**Problem requirements:** Repeat only the lines below from the one that contains "पुस पहिलो साता" through the final line, exactly. Omit pictures.

**Supplied material:**
▼▼▼

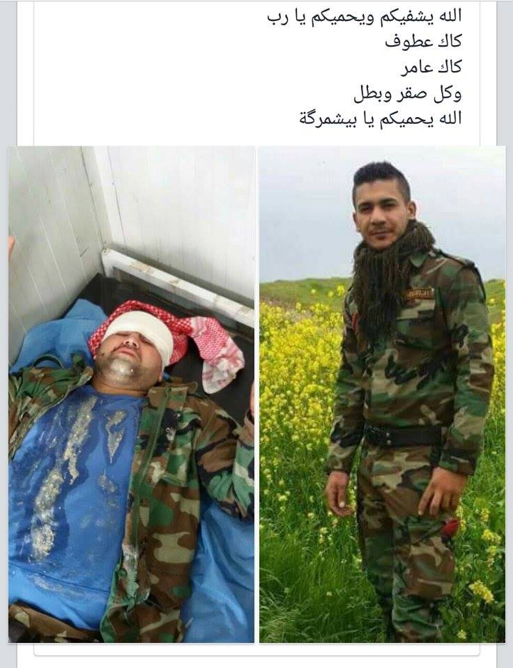 وحسب معلومات التي حصلت عليه RojavaNews بأنه جرح خمسة من البيشمركة كوردستان سوريا (لهشكهرێ رۆژ) ومنهم (البيشمركة سرهد فرحان ابراهيم 19 عاماً)من قرية "كربكيلي" في منطقة جل آغا , و (البيشمركة عامر عبد الرحمن عمر 20عاماً) من قرية "كركي دجوير" وحالته حرجة والبيشمركة عمار عمر و البيشمركة روني يوسف احمد.و الملازم "عطوف طاهر عمر" احد ابطال بيشمركة كوردستان سوريا في محور "كسكي"خلال هجوم ارهابي لــ "داعش " على قواتهم وهو الان في احد مشافي هولير.
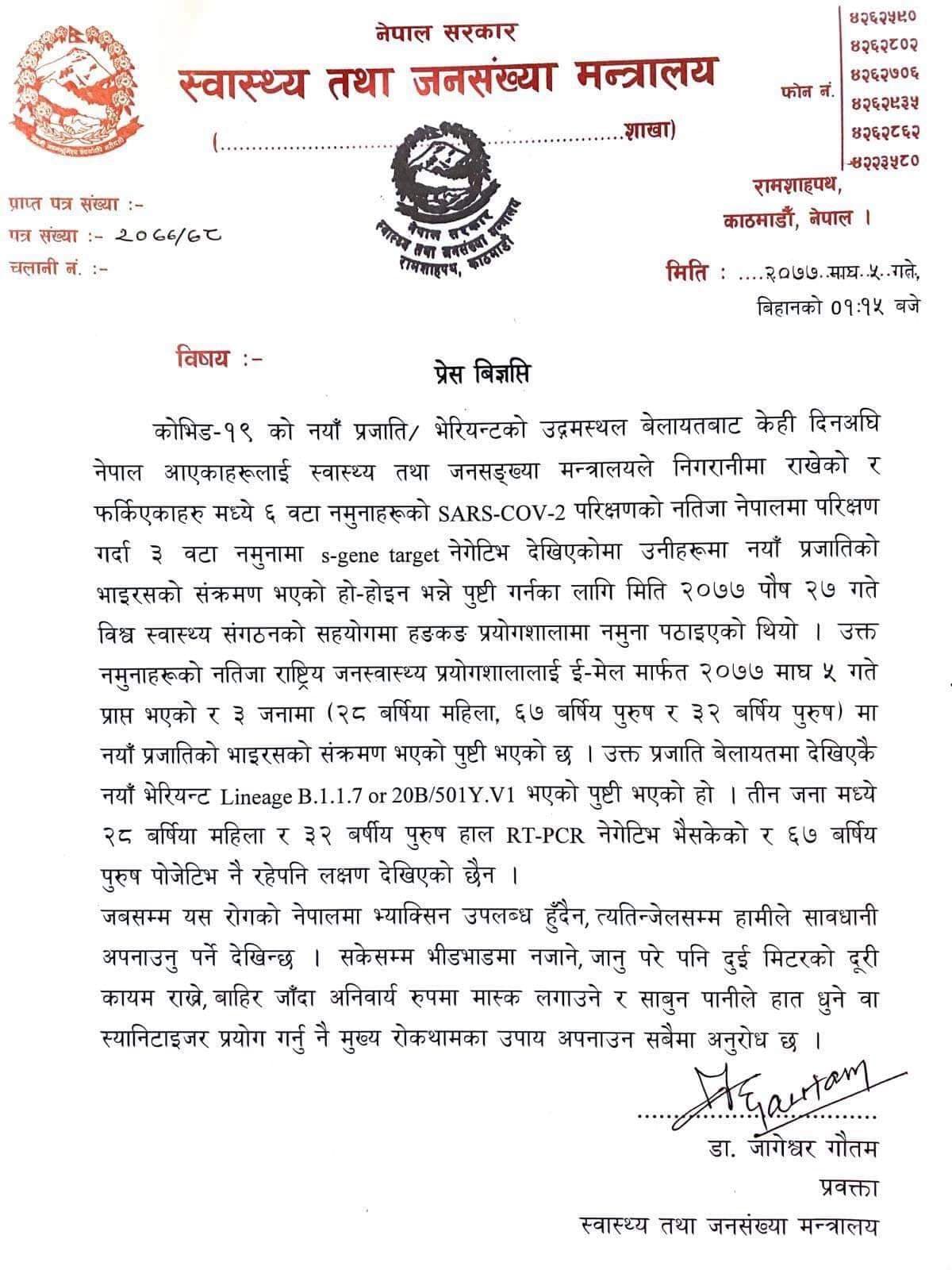 पुस पहिलो साता बेलायतबाट आएका तीन जनामा देखिएको संक्रमण नयाँ प्रकारको कोरोना भाइरस (भेरियन्ट लाइनएज बी १.१.७) भएको पाइएको छ । बेलायतबाट नेपाल आएका ६ जनामा १३ पुसमा कोरोना संक्रमण भएको पुष्टि भएको थियो । तर जिन सिक्वेन्सिङ नभएका कारण नयाँ प्रकार भए नभएको खुलेको थिएन ।
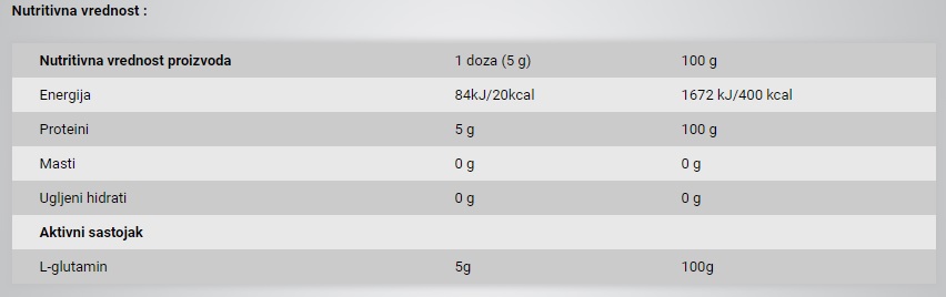 Sastojci: 100% L-glutamin

▲▲▲

**Exercise output:**
 पुस पहिलो साता बेलायतबाट आएका तीन जनामा देखिएको संक्रमण नयाँ प्रकारको कोरोना भाइरस (भेरियन्ट लाइनएज बी १.१.७) भएको पाइएको छ । बेलायतबाट नेपाल आएका ६ जनामा १३ पुसमा कोरोना संक्रमण भएको पुष्टि भएको थियो । तर जिन सिक्वेन्सिङ नभएका कारण नयाँ प्रकार भए नभएको खुलेको थिएन ।
 Sastojci: 100% L-glutamin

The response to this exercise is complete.